How to cite this article:
Kaewla W, Wiwanitkit V. Public health role of Mahayana Buddhist temple in urban and rural community: A comparison. Ann Trop Med Public Health 2017;10:463-4

How to cite this URL:
Kaewla W, Wiwanitkit V. Public health role of Mahayana Buddhist temple in urban and rural community: A comparison. Ann Trop Med Public Health [serial online] 2017 [cited 2019 Sep 16];10:463-4. Available from: http://www.atmph.org/text.asp?2017/10/2/463/188506
Dear Sir,

The public health role of religious unit in public health system is very important.[1],[2] Here, the authors would like to discuss on the role of Mahayana Buddhist Temple. From the site survey among many Mahayana Buddhist temples in urban and rural communities in Thailand, some interesting features can be seen. In the rural communities, the temple still has the role in community public health by providing spiritual care support, local health care wisdom (alternative medicine and herbal medicine), and acting as community health care center.[3] In addition, symbolization in health issue can be seen.

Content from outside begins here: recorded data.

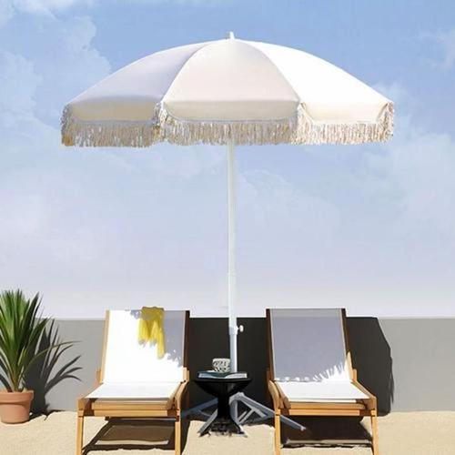 고급 인테리어 태슬 파라솔 180cm 십자받침대 아이보리 감성 인테리어 캠핑 비치 테라스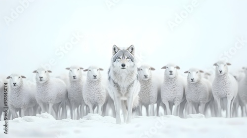 Lone Wolf Watching Over Flock of Sheep in Snowy Winter Landscape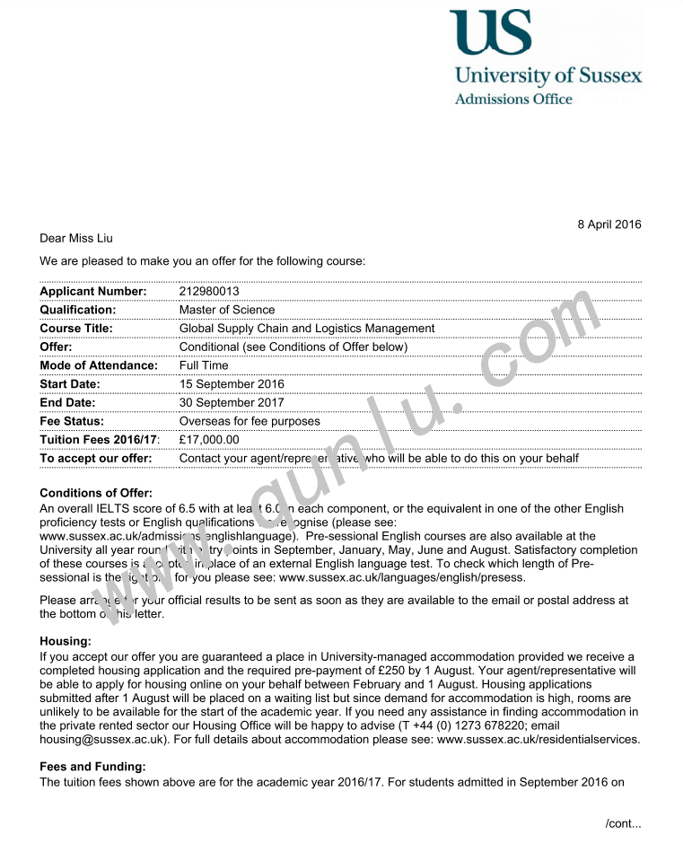 • 恭喜刘同学获得Cardiff University和University of Sussex的offer
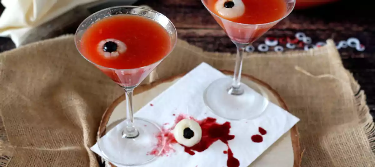 ► Ingredientes: 400 ml zumo de naranja sanguina, 700 ml gaseosa (del tipo 7 up), 50 gr puré de frutos rojos (mermelada o coulis), 50 gr de sirope de granadina, zumo de 1/2 limón, 15 gotitas de colorante rojo. Para la decoración de Halloween: 10 lichis sin hueso y 10 arándanos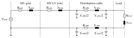 The MV grid and the MV/LV power transformer are modeled as a Thévenin equivalent circuit, i.e., an ideal voltage source behind an equivalent impedance, the distribution cables are modeled as a π-model equivalent and the loads are modeled as a load-equivalent impedance. Modeling of all this equipment is illustrated in Figure 2, with the mention that all distribution cables have four identical wires, of which three are for phases and one is neutral. The ideal voltage source, labeled Vgrid, has the same voltage as the LV network in no-load conditions.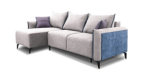 "Соренто" диван с оттоманкой; раскл.; "Тик-так" (1480х2310); левый; металл черный; Salvador 13 Silver+Maverick col 18+ Salvador 17 Denim (гр. 1/МТХ)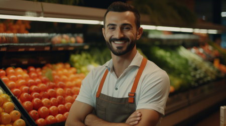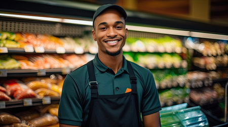 Portrait of Smiling young male supermarket worker. Generative Ai

In the urban communities, very few role of the temple can be seen. Surprisingly, the urban temple acts only as a center to religious belief with lack of health care support to the community. Many urban temples turn to business issues such as a renting site for car parking.

Nevertheless, focusing on religious objects, healing Buddha image can still be seen in each temple but some temples in urban communities renew the sculptures, and one rebuilt the temple as a high building. Of interest, it can be seen that the religious objects can still be maintained in either rural or urban sites. Spiritual care is usually an important feature of rural medicine and it can be reflected from religious-based public health system [4] as seen in our findings. But the public health care role is diminished in the urban sites where already modernization has occurred.

Acknowledgement

This work is support for research funding of Surindra Rajabhat University, Thailand.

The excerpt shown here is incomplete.